#### [ABOUT THIS EXERCISE]
What you output must be the exact lines from the first line of the data through the one holding "Vintage Richard Warren", with no pictures.

[Data extracted from a collection]
§
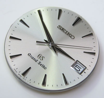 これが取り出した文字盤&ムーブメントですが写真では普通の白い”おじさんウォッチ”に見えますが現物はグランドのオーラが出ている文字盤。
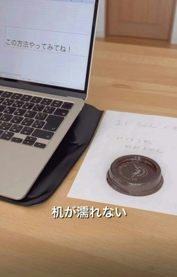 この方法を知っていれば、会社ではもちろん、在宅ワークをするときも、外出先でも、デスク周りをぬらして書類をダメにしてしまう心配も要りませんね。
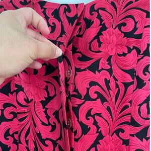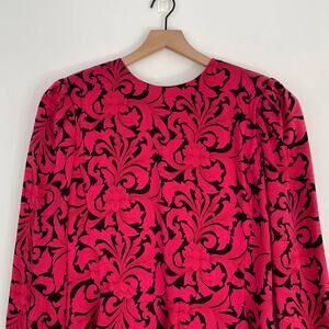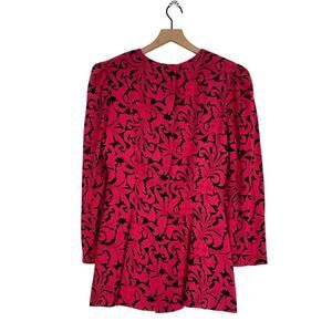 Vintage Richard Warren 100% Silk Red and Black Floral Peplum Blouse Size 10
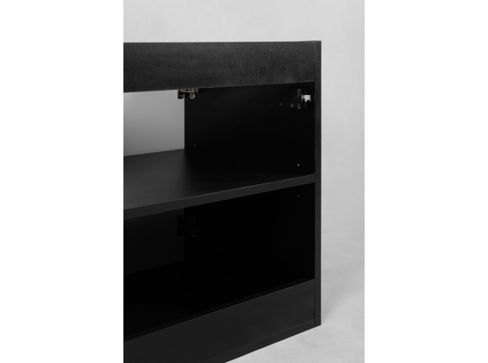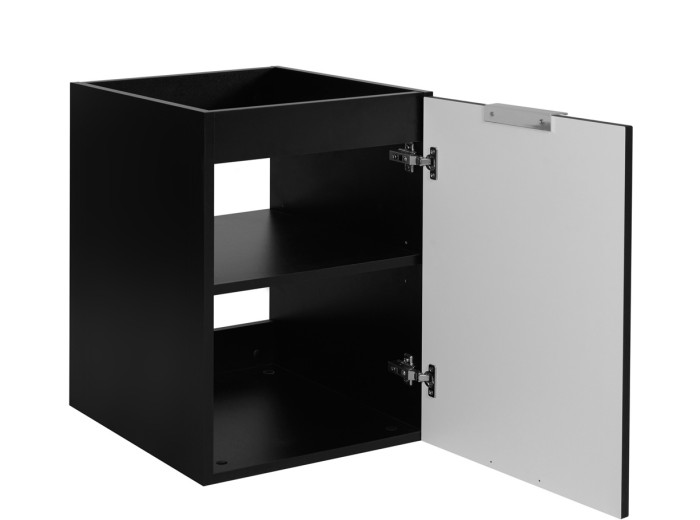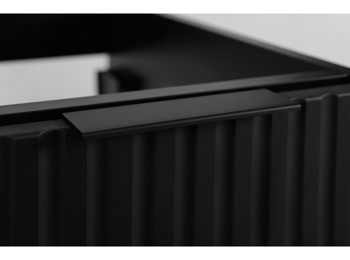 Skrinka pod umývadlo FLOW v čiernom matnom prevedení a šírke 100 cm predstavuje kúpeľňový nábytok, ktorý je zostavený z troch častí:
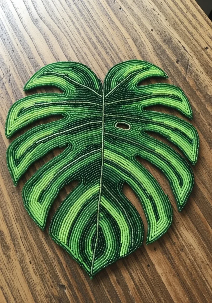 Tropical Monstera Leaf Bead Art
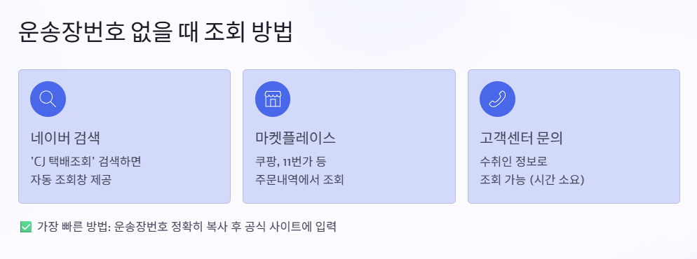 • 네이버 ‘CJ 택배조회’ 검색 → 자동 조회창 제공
§
#### [RESPONSE TO THE TASK]
 これが取り出した文字盤&ムーブメントですが写真では普通の白い”おじさんウォッチ”に見えますが現物はグランドのオーラが出ている文字盤。
 この方法を知っていれば、会社ではもちろん、在宅ワークをするときも、外出先でも、デスク周りをぬらして書類をダメにしてしまう心配も要りませんね。
 Vintage Richard Warren 100% Silk Red and Black Floral Peplum Blouse Size 10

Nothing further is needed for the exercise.